- Born: 26 January 1911 Modasa, Gujarat, India
- Died: 10 June 2001 (aged 90) Vadodara, Gujarat, India
- Education: Gujarat Vidyapith
- Occupations: scholar; poet; critic; translator; freedom fighter;
- Writing career
- Language: Gujarati

= Bhogilal Gandhi =

Indian writer and freedom fighter

Bhogilal Chunilal Gandhi (26 January 1911 – 10 June 2001) was an Indian scholar, poet, critic, translator, and independence activist from Gujarat, India. He edited Vishvamanav, a Gujarati-language literary-socio-political journal. He wrote biographies of several writers and political figures including Leo Tolstoy, Joseph Stalin, C. Rajagopalachari, Subhas Chandra Bose, Romain Rolland, Durgaram Mehta, and Narmad. He translated many works into Gujarati from English and Bengali languages. In his early years, he came under the influence of Communism, and became an active member of Communist Party of India.

==Biography==
Bhogilal Gandhi was born on 26 January 1911 in Modasa, a town in Gujarat, India. He passed his matriculation exam in 1926 from Bharuch. He graduated from Gujarat Vidyapith, Ahmedabad.

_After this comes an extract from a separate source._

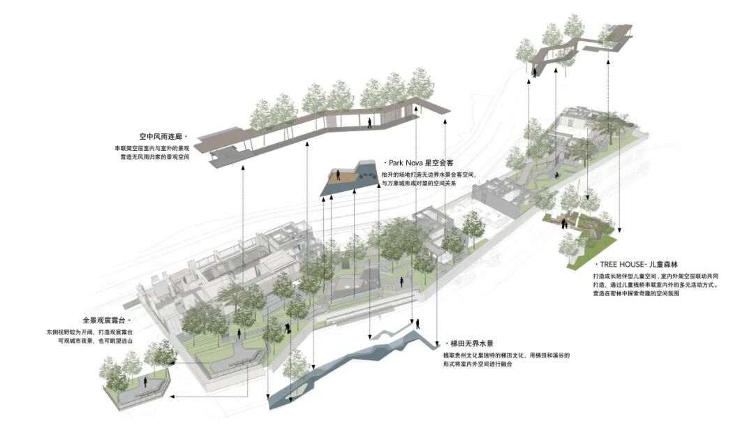 景观设计倡导无界架空层的空间构建,从贵州独特的梯田文化中汲取灵感,运用梯田与溪谷的形式,实现室内外空间的无缝融合。

He came under influence of Communism in his early life, and became an active member of Communist Party of India, along with his wife Subhadra Gandhi. He was arrested several times between 1928 and 1951 due to his involvement in political activities. He died on 10 June 2001 in Vadodara, Gujarat.

==Works==
Gandhi's pen name was Upvasi. Sadhana, a collection of his poems, was published in 1943 with the preface by Umashankar Joshi. The poems of Sadhana are divided into three sections namely Pranaya (love), Jhankhana (longing), and Sadhana (meditation). He published his literary criticism and book reviews in Mitakshar (In Brief; 1970). He published two short story collections, Parajit Prem (1957) and Lata (1967).

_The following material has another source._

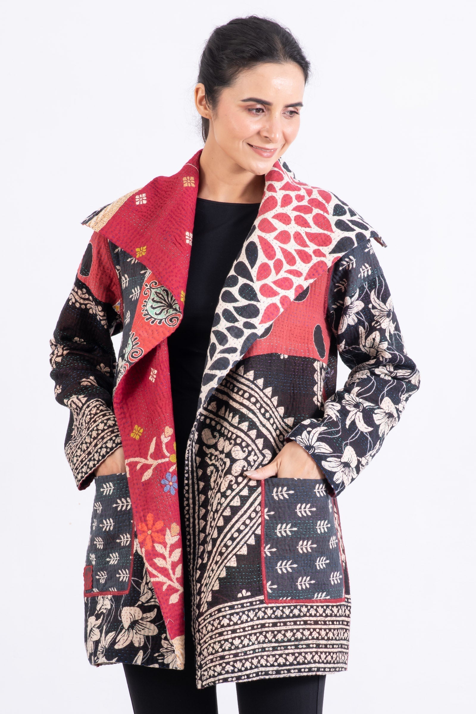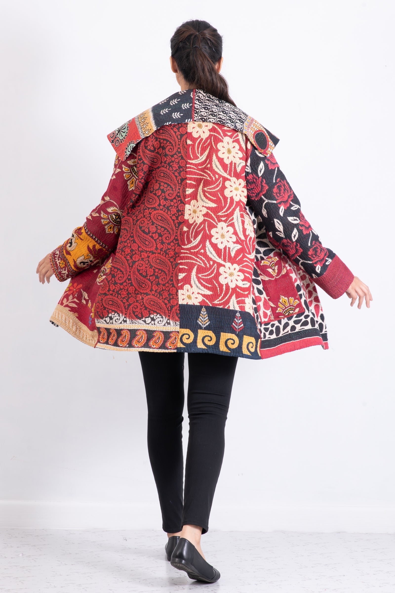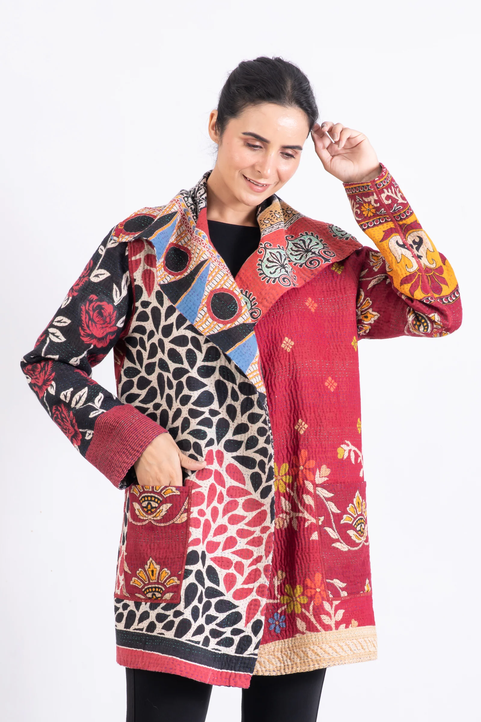 4 Layer Vintage Saris with Hand Stitches on Entire Garment - Reversible

Gandhi translated several works from English and Bengali languages. He translated Maxim Gorky's Mother into Gujarati.

He wrote biographies of Leo Tolstoy as Leo Tolstoy : Jivansangram, Joseph Stalin as Yugpurush Stalin, C. Rajagopalachari as Rajagopalachari, Subhas Chandra Bose as Shubhashchandra, Romain Rolland as Mahamanav Romain Rolland, Durgaram Mehta as Aadya Sudharak Mahetaji Durgaram, and Narmad as Narmad: Navyug no Prahari.

A memorial volume for Gandhi, Bhogilal Gandhi Janmashatabdi Grantha, was published on his birth centenary in 2011, edited by Prakash N. Shah, Raman Soni, and Rajendra Patel.